Smaller EU retailers selling direct to UK customers face new challenges

8 Jan 2021

From 1 January 2021, EU retailers selling goods directly to UK customers need to navigate new tax laws introduced following the UK’s departure from the EU.

EU businesses are now required to fill in customs forms to sell directly to customers in the UK. A business selling goods directly to UK customers must register for VAT in the UK and account for it to HM Revenue & Customs if the sale value is less than €150 (£135). This is to put an end to overseas sellers posting low-value goods to Britain without accounting for the tax owed.

This change has affected many specialist suppliers and smaller online shops.  Many EU businesses have stopped selling directly to UK customers; others have temporarily halted while they evaluate if this new red tape involved in selling directly to UK customers is worth it. Some EU businesses are keen to continue selling to the UK market and have applied for a UK VAT registration, but are waiting for the approval and so are unable to continue accepting orders from the UK until this is sorted.

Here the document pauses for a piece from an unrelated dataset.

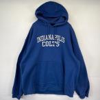 古着 リーボック Reebok パーカー スウェット カレッジプリント フーディ プルオーバー スポーツ 大きいサイズ 2XL ブルー メンズ
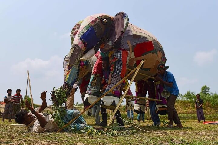 بنجلاديش، لاجئو الروهينجيا يصنعون نموذجًا لفيل للتوعية بخطر الحيوانات التي أدت إلى مقتل 12 شخصًا بالقرب من مخيم كوتوبالونج للاجئين.

From July 2021 a similar VAT rule will be introduced within the EU. However, it will be a simplified version for EU retailers.  They will be able to register in one member state, rather than registering with every country in the EU where they sell. The upshot is that is that it will be less onerous to sell to customers within the EU.  If the EU market is sufficient, this may mean that smaller specialists suppliers may decide not to sell directly to UK customers.